Il decreto “salva Italia” contiene importanti provvedimenti per mettere in sicurezza i conti pubblici, anche se con risultati tutti da vedere. Tra gli innumerevoli commi, però, se ne nasconde almeno uno che non ha nulla a che fare né con la crisi, né coi conti pubblici, né con la competitività né con null’altro che non sia in qualche modo riconducibile a una, o entrambe, le seguenti categorie: marchetta o cazzata. Sto parlando del surreale comma 8 dell’articolo 43 che, a dispetto delle presunte caratteristiche di necessità e urgenza del decreto, si occupa addirittura della manutenzione straordinaria dei bacini idroelettrici. Leggiamolo.


Ecco cosa dice:

Ai fini del recupero delle capacità di invaso e del ripristino delle originarie condizioni di sicurezza il Ministero delle infrastrutture e dei trasporti, d’intesa con le regioni e le province autonome, individua, […] le grandi dighe per le quali sia necessaria e urgente la rimozione dei sedimenti accumulatisi nei serbatoi.
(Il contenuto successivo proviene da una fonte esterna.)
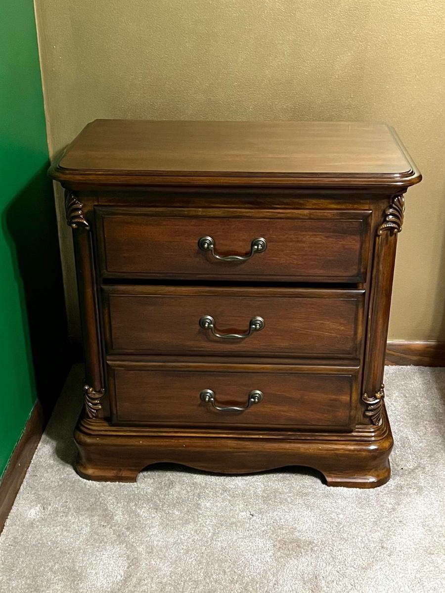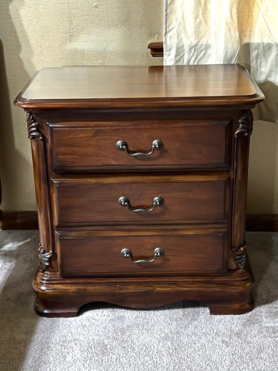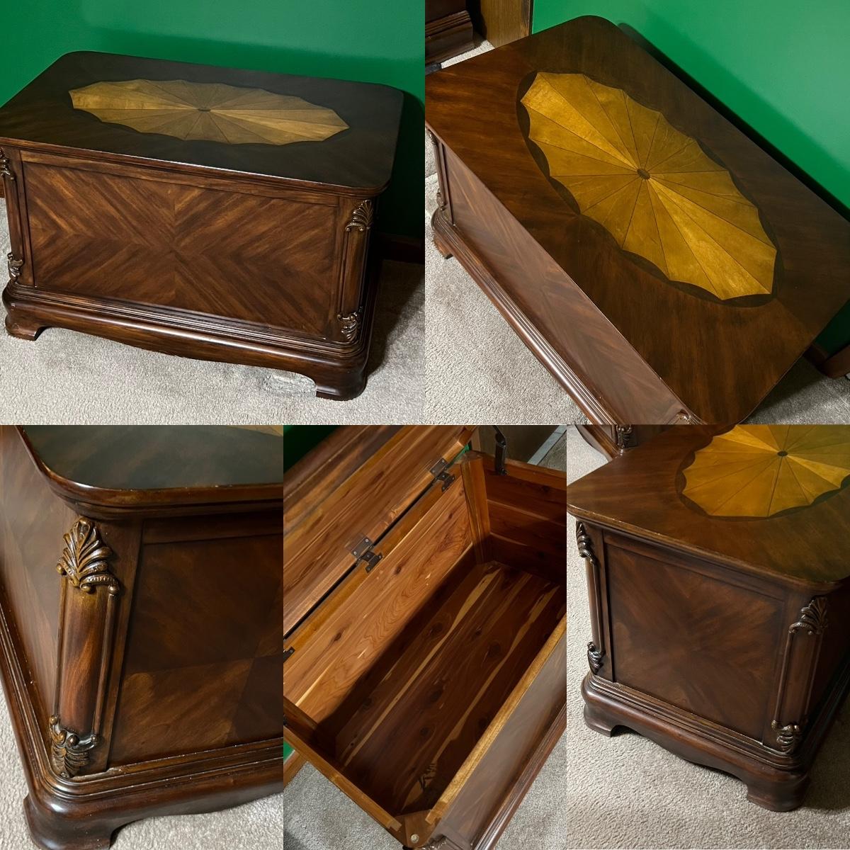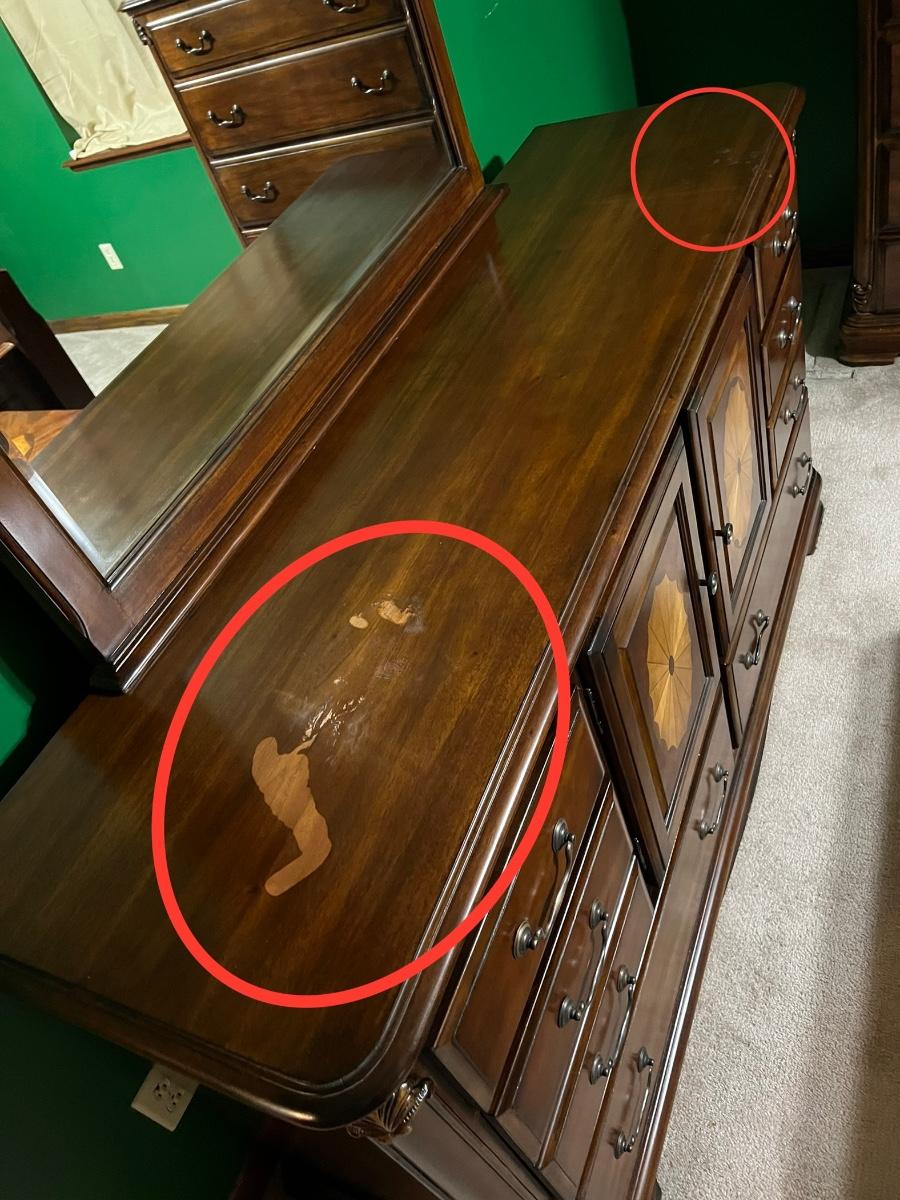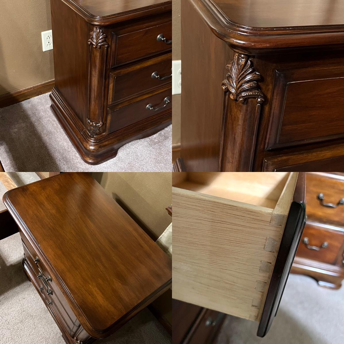 Suite includes: 1 Queen bed ~ 1 mirrored dresser ~ 2 chest of drawers ~ 2 night stands ~ 1 blanket chest. The bed and also be for a full. No brand name found. Headboard = 84” H ~ Dresser = 37” H x 68” W x 20” D ~ Beveled Mirror = 48” H ~ both nightstands = 28.5” H x 28.5” W x 17.5” D ~ blanket chest = 22.5” H x 36” W x 23” D ~ Both chest of drawers = 50.5” H x 40” W x 20” D. Dresser does have minor damage on the top, see photos.
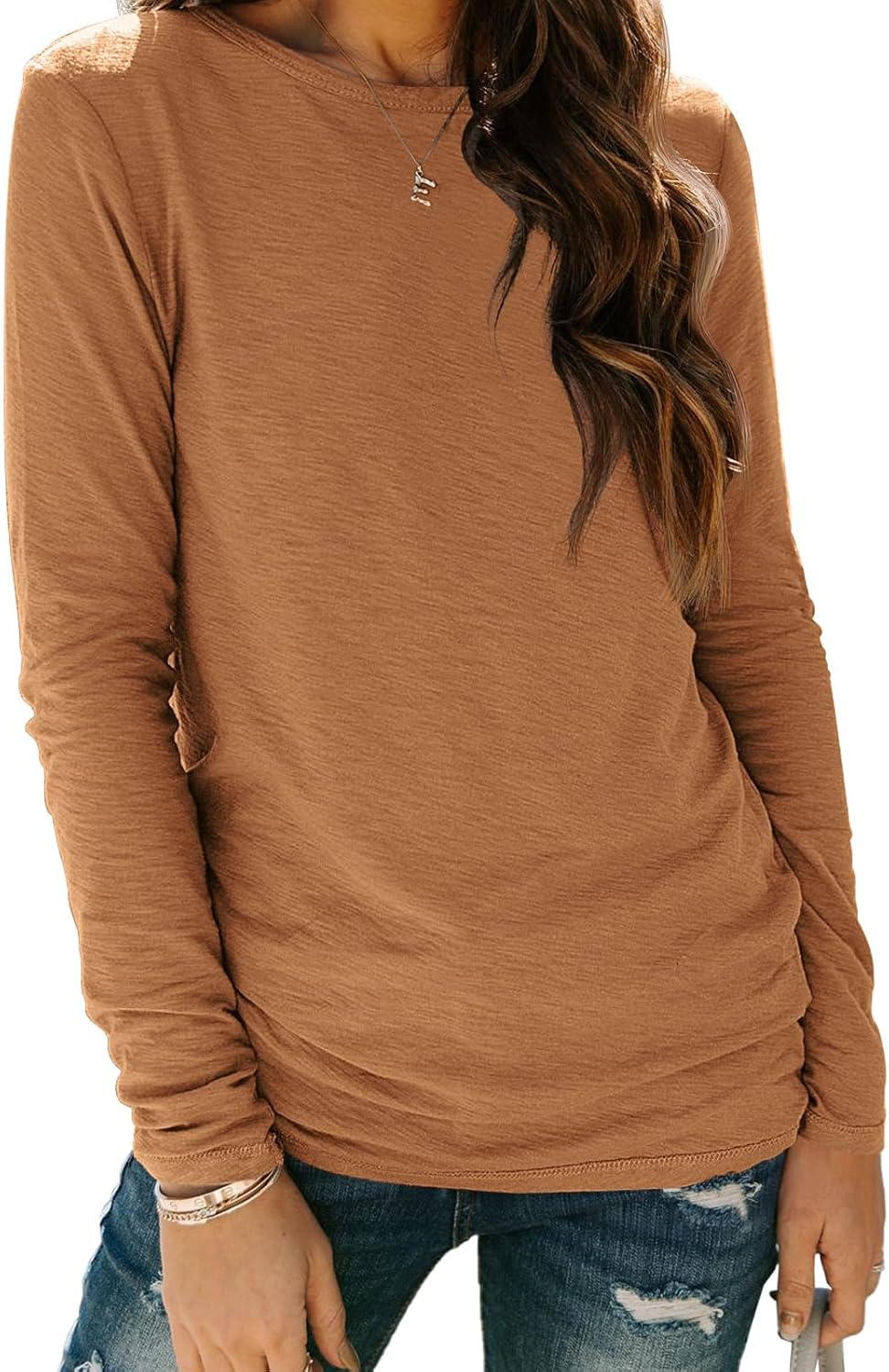 AUTOMET Womens Long Sleeve Round Neck Shirts Basic Tee Fall Tops Outfits Clothes 2025
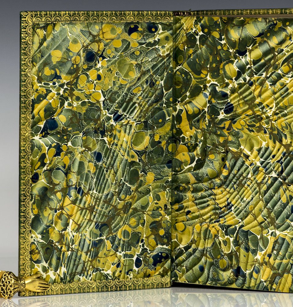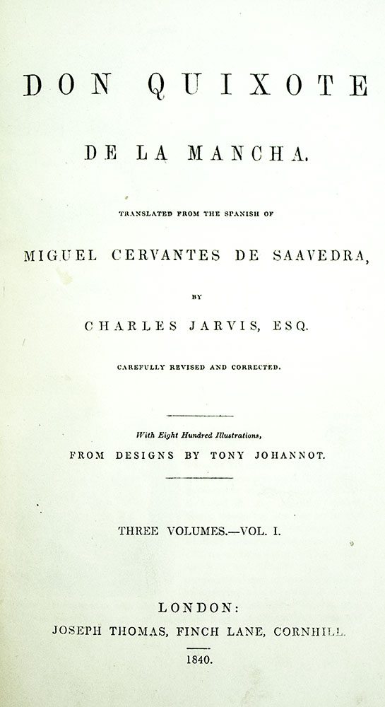 Finely bound example of Cervantes' masterpiece. Octavo, 3 volumes bound in full morocco, gilt titles and tooling to the spine, gilt tooling to the front and rear panels, gilt turn-ins, top edge gilt, marbled endpapers. With eight illustrations from design by Tony Johannot. Translated from the Spanish by Charles Jarvis. In fine condition. An exceptional example.
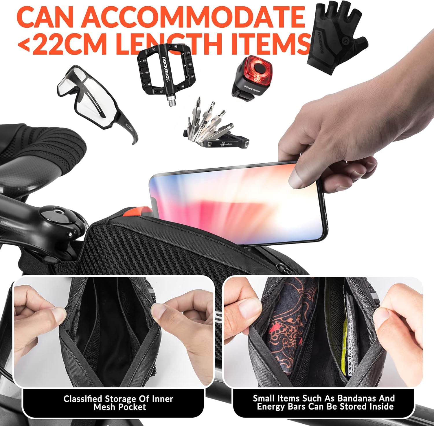 - 【PERFEKTE KAPAZITÄT】 22*10*5,5cm. Ca. 1L Kapazität. Diese Oberohrtasche bietet genug Platz für Schlüssel, Werkzeug, Minipumpe, Reifen usw. Auf einer Seite befindet sich eine elastische Kordel, in der Sie einige Gegenstände aufbewahren können.
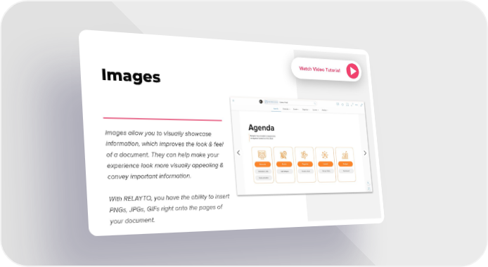 Watch Video Tutorial Images Images allow you to visually showcase information, which improves the look & feel of a document. They can help make your experience look more visually appealing & convey important information. With RELAYTO, you have the ability to insert PNGs, JPGs, GIFs right onto the pages of your document.
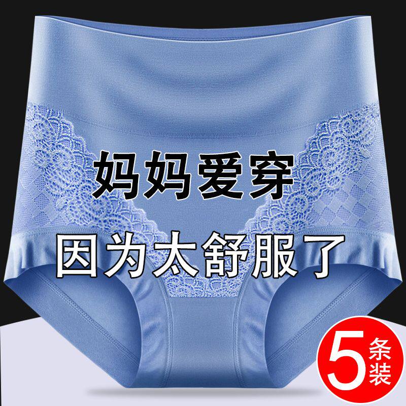 5 Pairs of Modal Women's Underwear, High-Waisted, Tummy Control, Full Body, 7A Antibacterial, Triangle, Plus Size, Comfortable and Breathable for Middle-Aged and Elderly Women
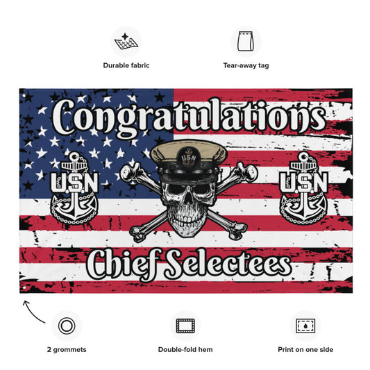 US Navy CPO Skull & Crossbones and Anchors Congrats Chief Selectees USA Distressed Flag
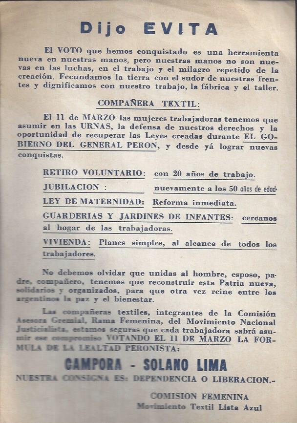 Editado por Comisión Femenina-Movimiento Textil lista azul. Buenos Aires, 1973.

Si tratta di un provvedimento ben strano, se messo nel suo contesto. Che effetto può mai avere la producibilità idroelettrica sugli spread? O sulla crescita economica? E cosa ha a che fare il dragaggio delle dighe con tutto questo? La sensazione, a voler essere benevoli, è che la ratio dell’intervento nasca da un clamoroso fraintendimento dei fatti.

Sembra infatti che tutto abbia inizio, almeno in teoria, con la preoccupazione per le possibili conseguenze, sulla producibilità delle dighe e sulla loro sicurezza, derivanti dall’accumularsi dei detriti sul fondo degli invasi. In effetti, pur in presenza di una potenza efficiente lorda in modesta crescita, la produzione effettiva non è cresciuta.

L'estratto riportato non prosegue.